Over-the-counter pain medicines can relieve symptoms of mild vasculitis. For more serious cases, your provider may prescribe medicines.

  • Corticosteroids reduce swelling in your blood vessels. For some types of vasculitis, you will need steroids for months or years. Corticosteroids can affect your bone density and raise your blood sugar and blood pressure levels. Learn about other side effects and risks of corticosteroids.
  • Dual endothelin receptor antagonists block the action of a chemical called endothelin that can reduce blood flow.
  • Immunomodulators, such as colchicine, reduce the swelling that causes symptoms.

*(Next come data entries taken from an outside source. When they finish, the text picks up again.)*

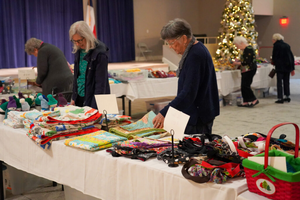 The Sew ‘N Sews go through roughly 350 pounds of stuffing annually, much of which is used to make toys for their annual Holiday sale. This year’s sale, a beloved seasonal tradition, took place in McGowan Auditorium and offered residents and community members the chance to purchase handmade gifts while supporting the group’s creative handiwork.
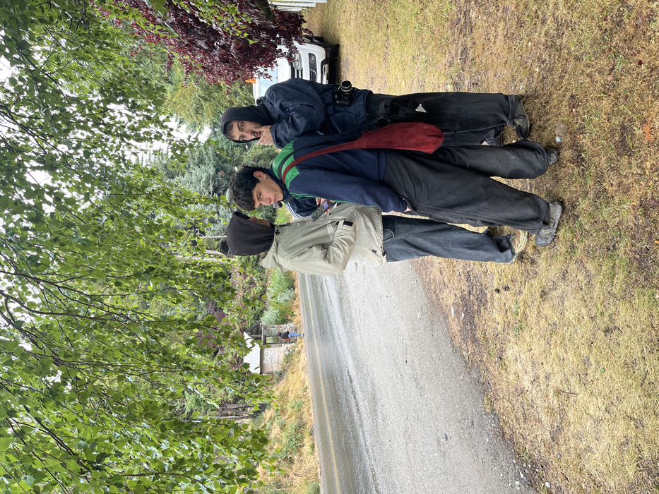 Three people stand on the edge of a road. The person in front wears a light-colored jacket with a hood. Behind, a person in a blue and green jacket looks towards the camera. A red bag hangs across their shoulder. At the back, the third person wears a dark hooded jacket. They are near a white van. The background includes trees, a road, and a grassy area. The road shows signs of moisture.
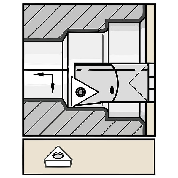 Indexable Thread Turning Tool Holder, Insert Style TC.., Left Hand, Inside Diameter Chamfering and Profiling, ANSI Code E16RSTFCL16, Center to Cutting Tip 0 in, Coolant Fed Coolant Through
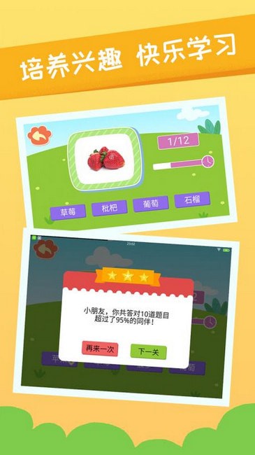 知识关卡功能,增强宝宝的竞争意识,培养学习兴趣;
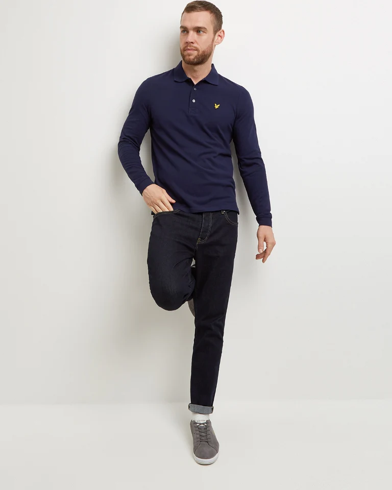 Lyle & Scott Long Sleeved Polo in Navy
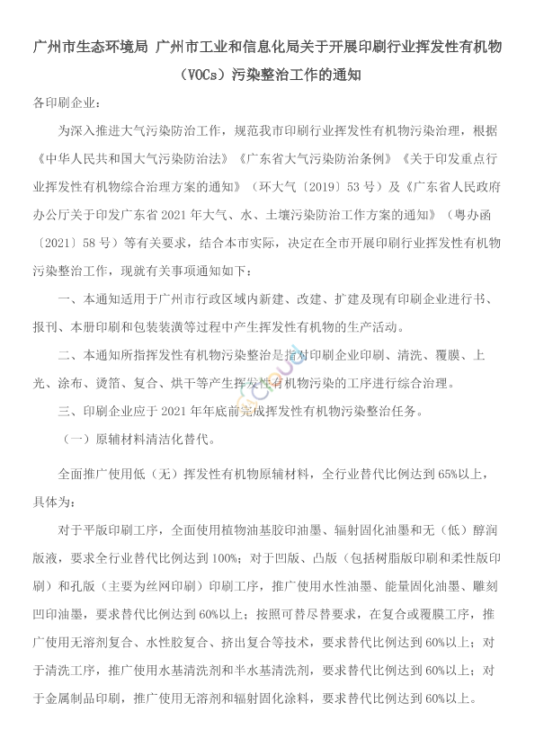 各印刷企业: 为深入推进大气污染防治工作,规范我市印刷行业挥发性有机物污染治理,根据《中华人民共和国大气污染防治法》《广东省大气污染防治条例》《关于印发重点行业挥发性有机物综合治理方案的通知》(环大气〔2019〕53号)及《广东省人民政府办公厅关于印发广东省2021年大气、水、土壤污染防治工作方案的通知》(粤办函〔2021〕58号)等有关要求,结合本市实际,决定在全市开展印刷行业挥发性有机物污染整治工作,现就有关事项通知如下:
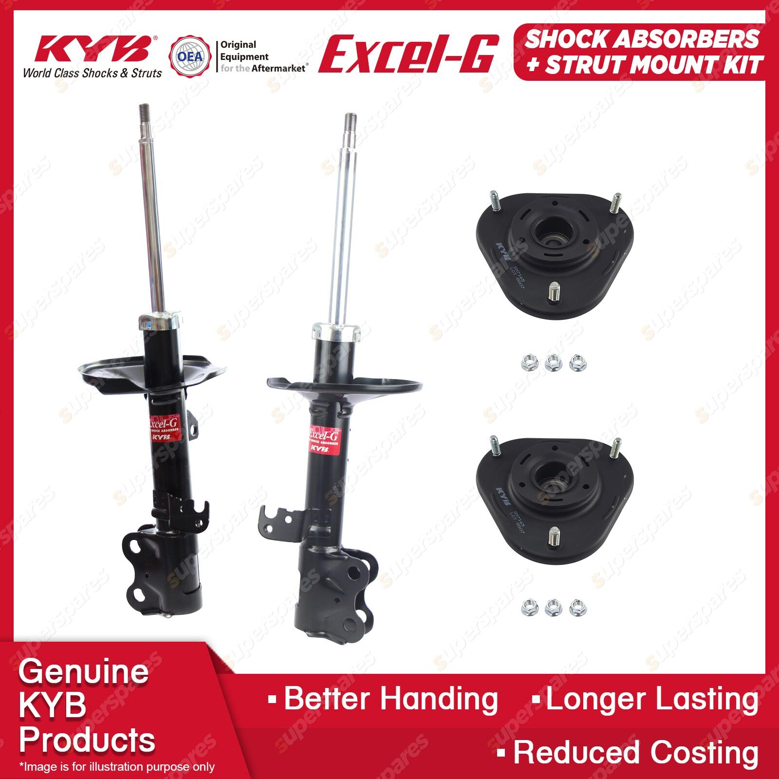 Note: eBay's compatibility table is not accurate in some cases. Please refer to the following information we have provided for you. Copyright © 2014 - 2023 Superspares. All rights reserved. Contents : 2x KYB Front Excel-G Shock Absorbers 2x KYB Front LH & RH Strut & Mounting Kit Suit : Toyota Corolla ZZE122R 1ZZFE 1.8 I4 FWD All Styles 12/2001-04/2007 |
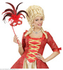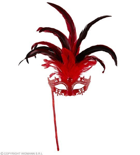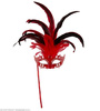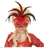 Maska koloru czerwonego. Wykonana z usztywnionego tworzywa. Zdobiona brokatem, dużymi piórami i srebrnymi cyrkoniami.
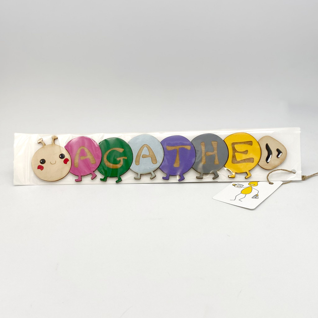 Conception originale de pièces en bois peintes qui ont été découpées et gravées au laser pour former un prénom en forme de chenille.
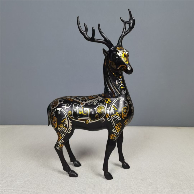 古青銅器の金と銀の鹿の置物の銅の鹿の置物の博古棚の収蔵品の工芸品の置物
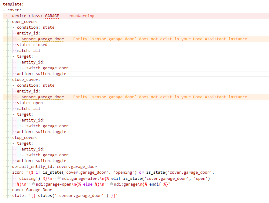 It suggested I change my garage door cover template in the configuration.yaml with a pre suggested option and now my garage door state shows as unknown and will not operate via the Shelly switch I use. I’ve tried playing around with it for an hour or so with no luck. Just wondering if anyone could help me out please? Also, sorry if I am posting in the wrong section of the forum, I just signed up to the forums to ask for help, it tells me there is 4 errors with the template
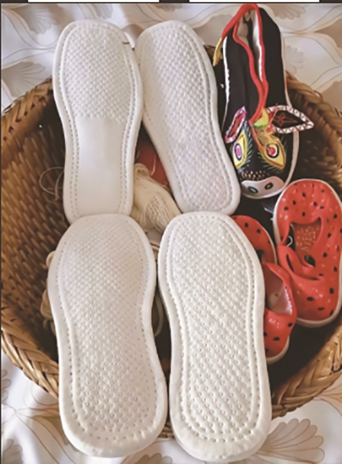 竹篮里摊开的几双鞋垫,像一方方未裁的素纸,细密的针脚是纸上的纹路,藏着母亲大半辈子的温良。
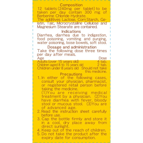 염화베르베린을 주성분으로 한 설사·식중독·물갈이·무른변 등에 효과가 있는 설사 멈춤약입니다.
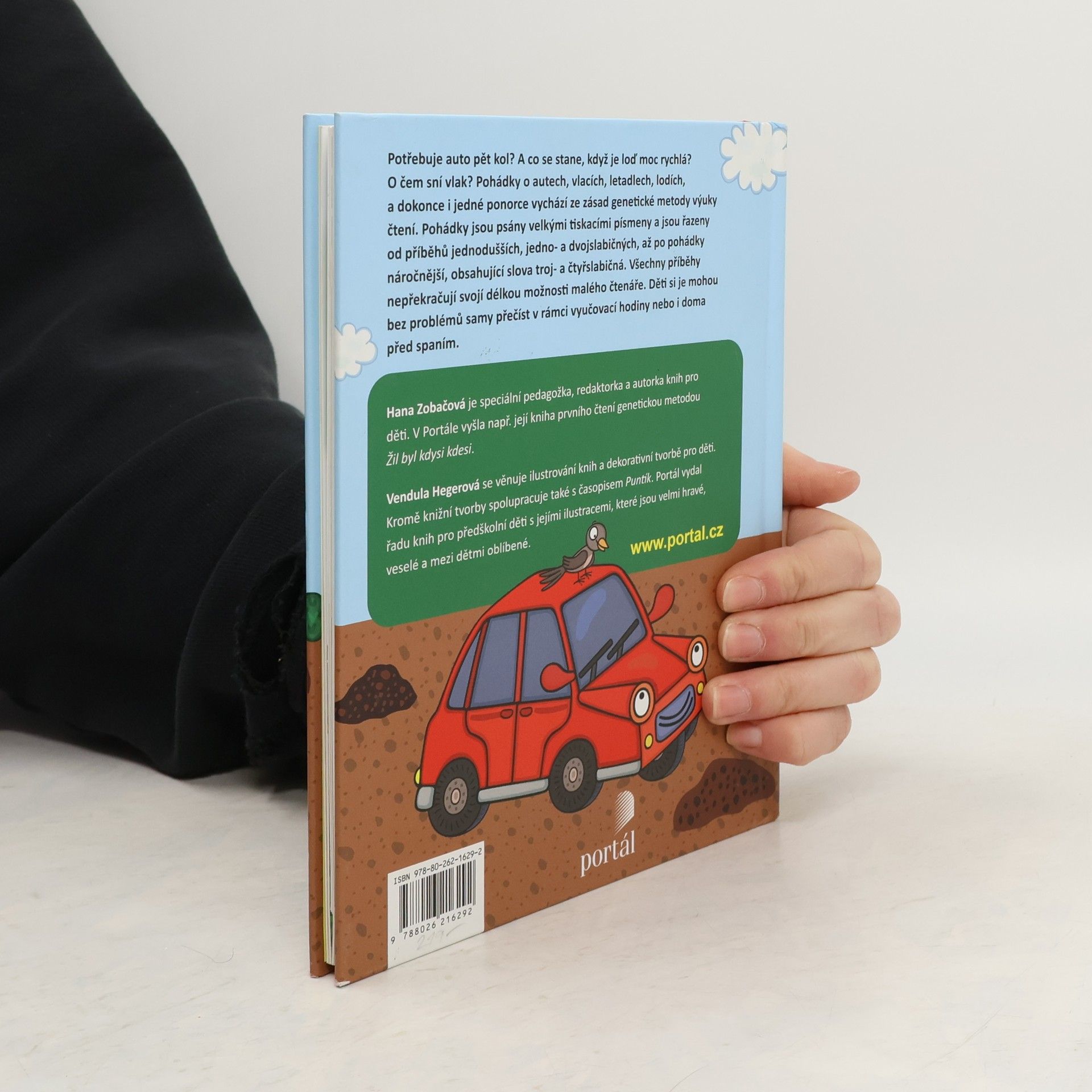 Potřebuje auto pět kol? A co se stane, když je loď moc rychlá? O čem sní vlak? Pohádky o autech, vlacích, letadlech, lodích a dokonce i jedné ponorce vychází ze zásad genetické metody výuky čtení. Pohádky jsou psány velkými tiskacími písmeny a jsou řazeny od příběhů jednodušších, jedno a dvojslabičných, až po pohádky náročnější, obsahující slova troj- a čtyřslabičná. Všechny příběhy nepřekračují svojí délkou možnosti malého čtenáře. Děti si je mohou bez problémů samy přečíst v rámci vyučovací hodiny nebo i doma před spaním.
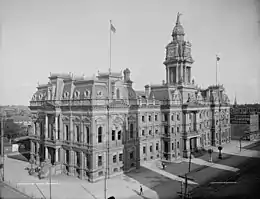 A $500,000 bond issue vote taken in 1884[6] prompted the construction of a new courthouse and jail. George H. Maetzel was the appointed architect. Plans began to demolish the existing structures on the site, and space was rented for office and court space, while a temporary building was constructed to hold the county records. The judge of the court of common pleas appointed a building commission in April 1884 to work on the courthouse plans. The commission visited other cities to learn about architecture, interior space uses, and project costs. The building's cornerstone was laid on July 4, 1885, accompanying a parade and celebration.[7] The building was dedicated on July 13, 1887, on the hundredth anniversary of the passage of the Northwest Ordinance. It had a cost of $470,000.[4] At the time of its opening, and for years thereafter, the building was considered only second to the Ohio Statehouse in grandeur.[3]

Possible side effects can include gastrointestinal problems.
  • Immunosuppressive medicines, such as cyclosporine and mycophenolate mofetil, suppress or weaken the immune system. Possible side effects include an increased risk of infection and birth defects.
  • Interferon therapy block and reduce swelling. Interferons are molecules that the immune system normally makes, but they have also been developed as medicines.
  • Interleukin antagonists reduce swelling by blocking a protein in the body that causes the swelling.
  • Intravenous immunoglobulin (IVIG) helps control the body’s immune response. This medicine also fights infection by introducing purified antibodies from healthy donors into the bloodstream. Some people may have a strong negative immune response to IVIG.
  • Monoclonal antibodies suppress the immune system. Possible side effects include fever-like symptoms, stomach pain, and allergic reactions.
  • Non-steroidal anti-inflammatory drugs (NSAIDs) reduce swelling in the body. One possible side effect is increased bleeding.
  • Phosphodiesterase inhibitors increase blood flow by blocking the action of a particular enzymes in the body. Possible side effects include headaches, heart palpitations, upset stomach, nausea, and vomiting.
  • Tumor necrosis factor inhibitors suppress the immune system by blocking a protein called tumor necrosis factor alpha.

Procedures or surgery

  • Plasmapheresis, a procedure where blood plasma is removed and then replaced to lower plasma antibody levels, may be performed.
  • Surgical bypass of the blood vessels may help restore blood flow to some areas in Buerger’s disease. Surgery to treat vasculitis is rare.